What is being asked:
Exact transcription of the following records is needed, with every picture dropped.

Data entries
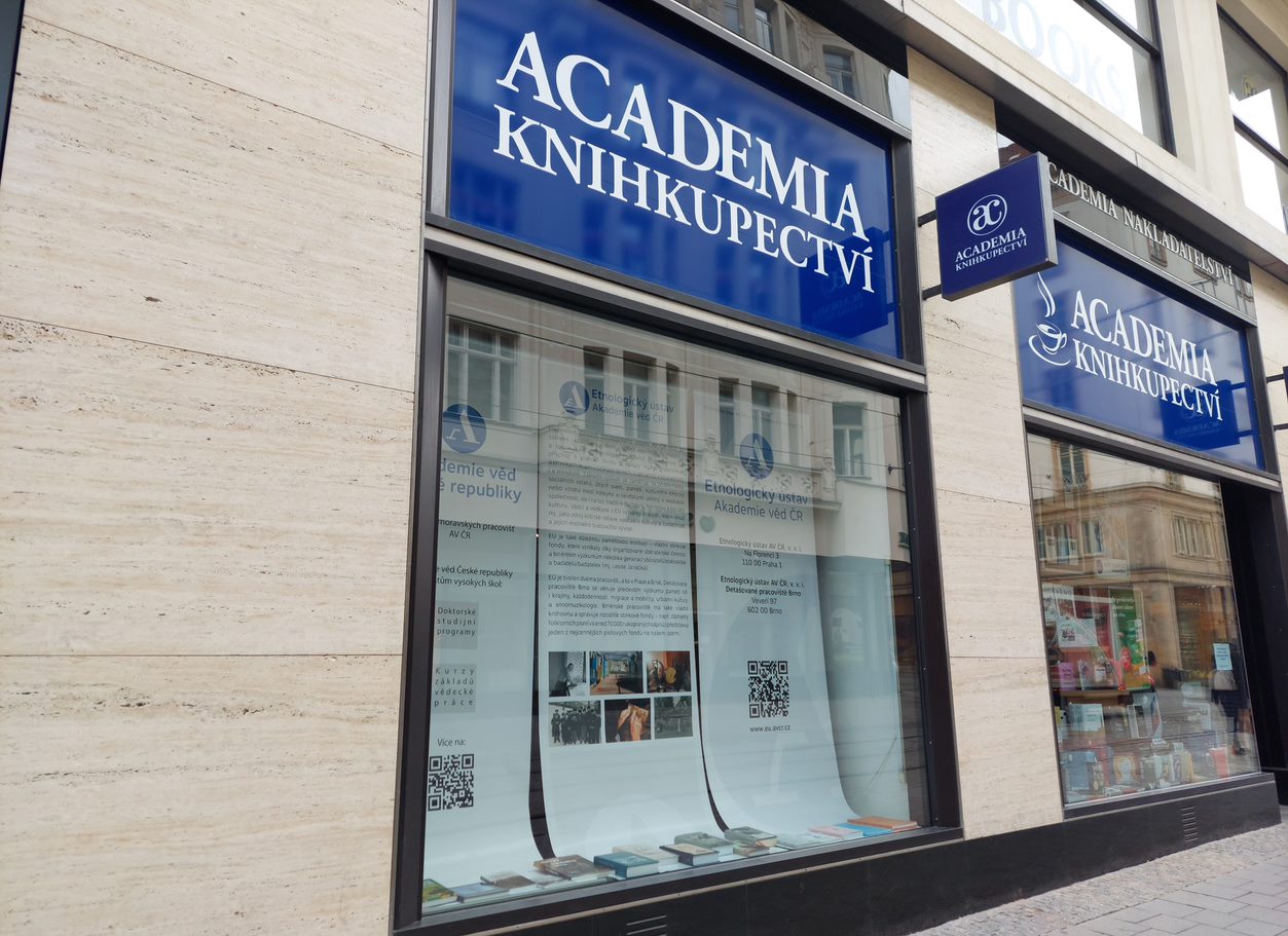 Etnologický ústav AV ČR se prezentuje v měsících březnu a dubnu ve výloze knihkupectví Academia na náměstí Svobody v Brně. Prezentaci publikační činnosti doplní i dvě přednášky pracovníků a pracovnic EÚ v Literární kavárně v knihkupectví Academia pro širokou veřejnost. První proběhne 15. 3. 2023 v 17. 00 na téma Kramářské písně v ústní tradici Moravy a Slezska, druhá pak 19. 4. 2023 v 17.00 na téma Politický vtip v proměnách doby.
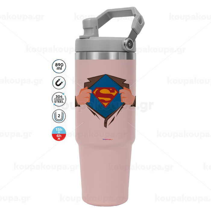 Superman hands, Pink color, 890ml (30oz) stainless Steel Tumbler with Handle
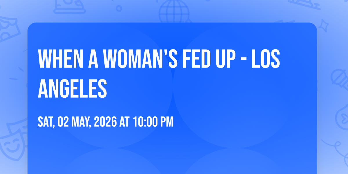 📍 Location: 34.0426, -118.256🌟 Be part of history at When a Woman's Fed Up - Los Angeles, an extraordinary gathering that will captivate your imagination! 🏛️ The prestigious Orpheum Theatre - Los Angeles in Los Angeles, CA sets the stage for an unforgettable experience on May 3rd, 2026 at 02:30 AM. ✨ They are bringing together the finest elements of entertainment and innovation to create moments that will take your breath away. From the moment you arrive, you'll be immersed in an atmosphere of wonder and excitement. 🎯 This carefully planned event ensures every guest experiences something truly special. 🎊 Early booking is recommended for this must-attend event of the season!
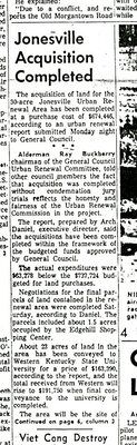 The acquisition of land for the 30-acre Jonesville Urban Renewal Area has been completed at a purchase cost of $674,446, according to an urban renewal report submitted Monday night to General Council
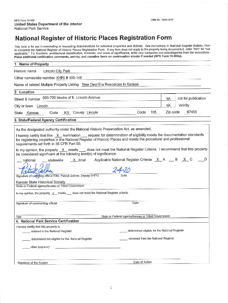 United States Department of the Interior NPS Form 10900National Park Service / National Register of Historic Places Registration Form OMB No. 10240018Lincoln City Park Lincoln Co., KansasName of PropertyCounty
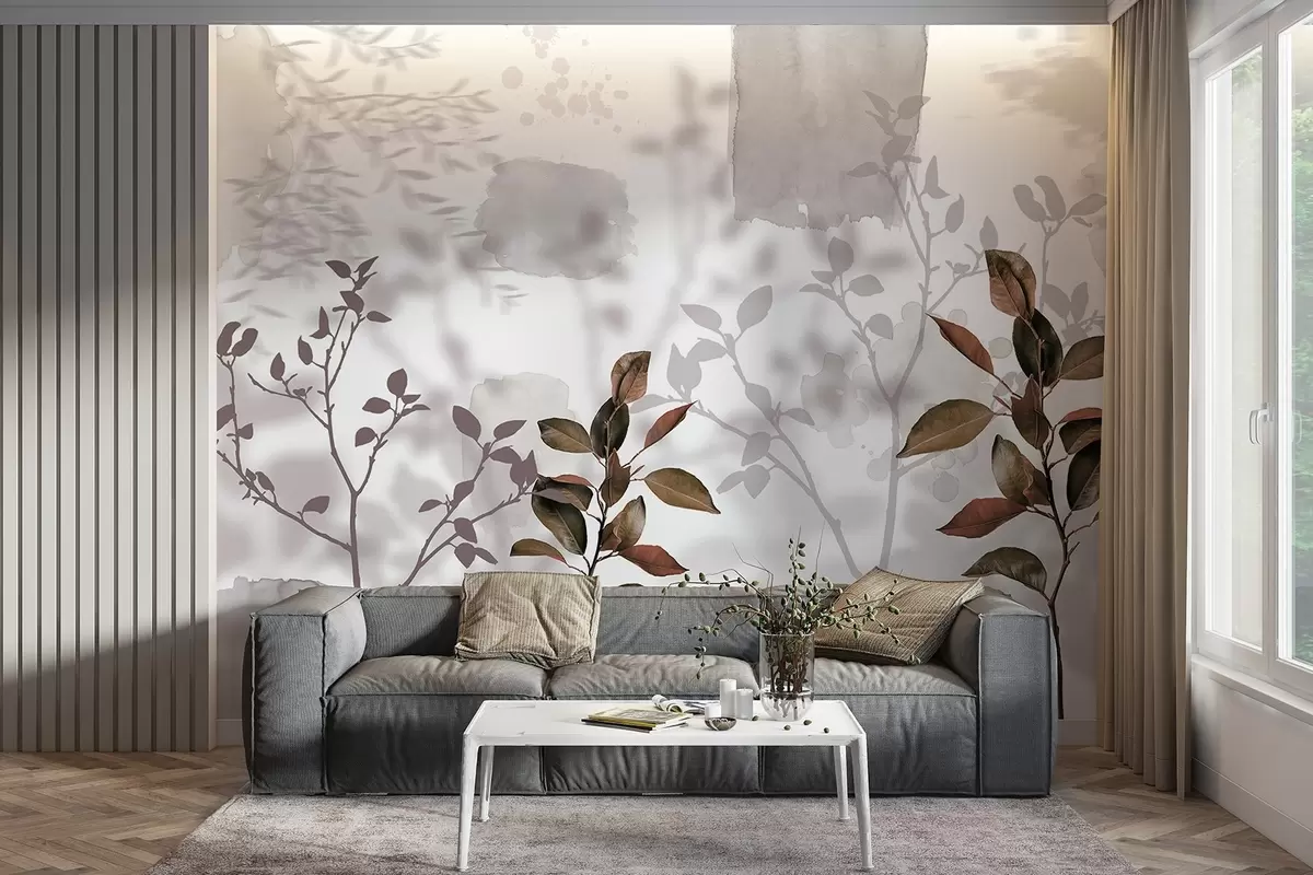 Lemon tree leaves, tree branches shadows, nature, watercolor - Wall mural (No. w03910)
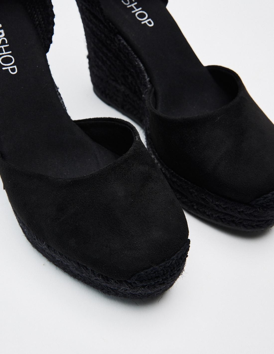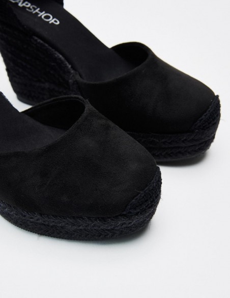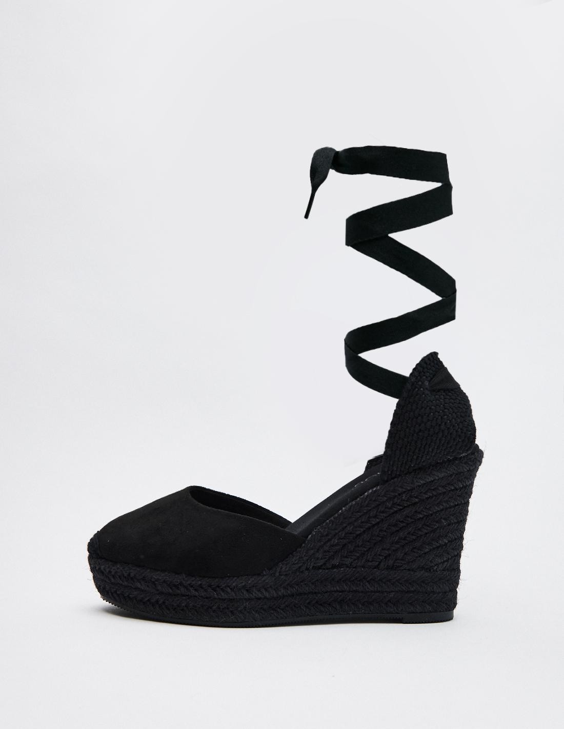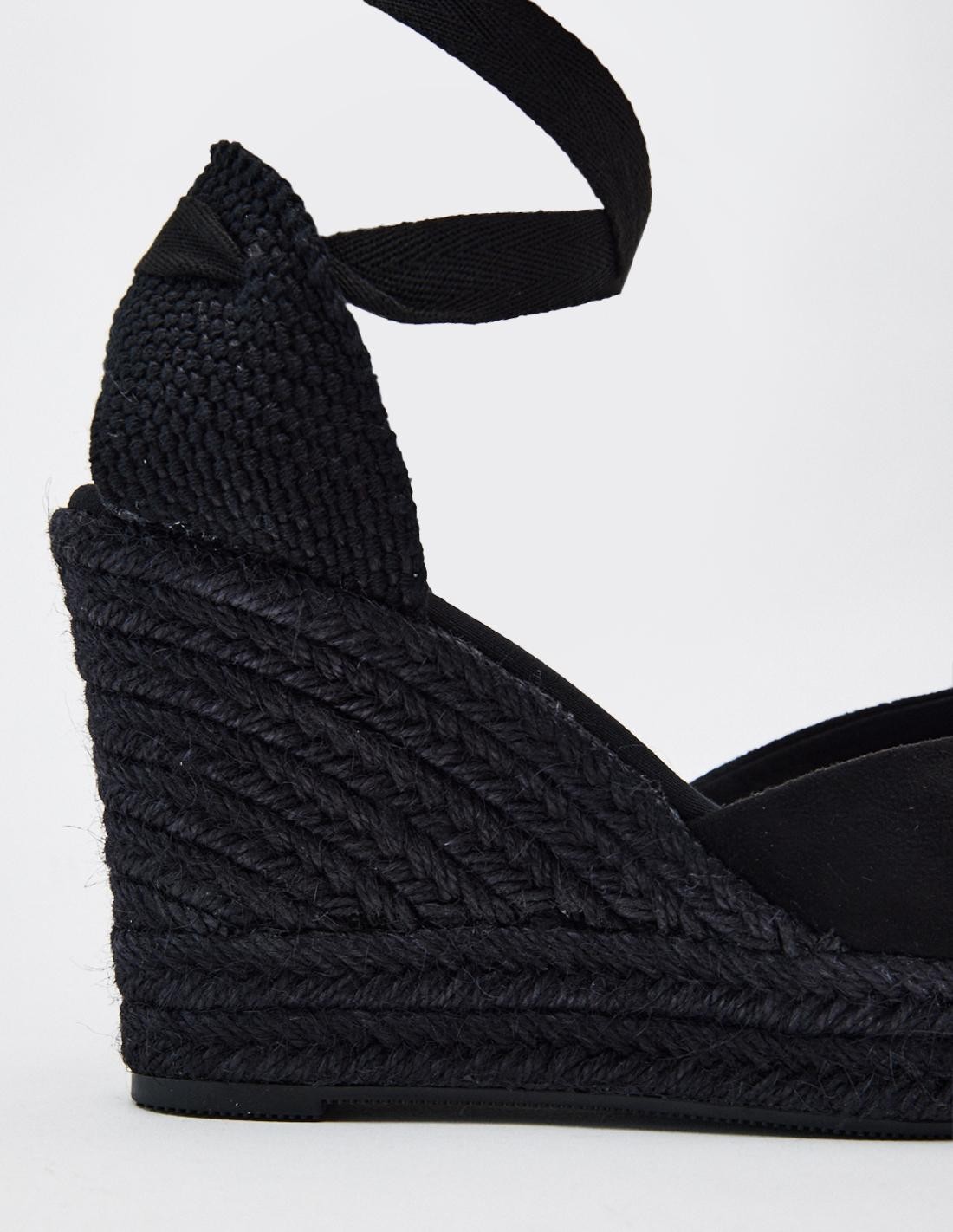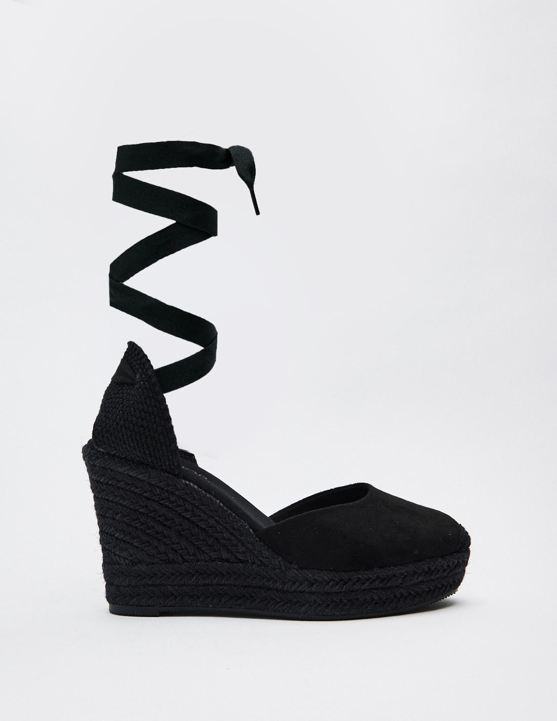 Zapato tipo alpargata con tacón de cuña en efecto yute . Combinación de materiales en el corte. Tiras para atar en el tobillo. Altura del tacón: 12 cm.

Completed exercise:
 Etnologický ústav AV ČR se prezentuje v měsících březnu a dubnu ve výloze knihkupectví Academia na náměstí Svobody v Brně. Prezentaci publikační činnosti doplní i dvě přednášky pracovníků a pracovnic EÚ v Literární kavárně v knihkupectví Academia pro širokou veřejnost. První proběhne 15. 3. 2023 v 17. 00 na téma Kramářské písně v ústní tradici Moravy a Slezska, druhá pak 19. 4. 2023 v 17.00 na téma Politický vtip v proměnách doby.
 Superman hands, Pink color, 890ml (30oz) stainless Steel Tumbler with Handle
 📍 Location: 34.0426, -118.256🌟 Be part of history at When a Woman's Fed Up - Los Angeles, an extraordinary gathering that will captivate your imagination! 🏛️ The prestigious Orpheum Theatre - Los Angeles in Los Angeles, CA sets the stage for an unforgettable experience on May 3rd, 2026 at 02:30 AM. ✨ They are bringing together the finest elements of entertainment and innovation to create moments that will take your breath away. From the moment you arrive, you'll be immersed in an atmosphere of wonder and excitement. 🎯 This carefully planned event ensures every guest experiences something truly special. 🎊 Early booking is recommended for this must-attend event of the season!
 The acquisition of land for the 30-acre Jonesville Urban Renewal Area has been completed at a purchase cost of $674,446, according to an urban renewal report submitted Monday night to General Council
 United States Department of the Interior NPS Form 10900National Park Service / National Register of Historic Places Registration Form OMB No. 10240018Lincoln City Park Lincoln Co., KansasName of PropertyCounty
 Lemon tree leaves, tree branches shadows, nature, watercolor - Wall mural (No. w03910)
 Zapato tipo alpargata con tacón de cuña en efecto yute . Combinación de materiales en el corte. Tiras para atar en el tobillo. Altura del tacón: 12 cm.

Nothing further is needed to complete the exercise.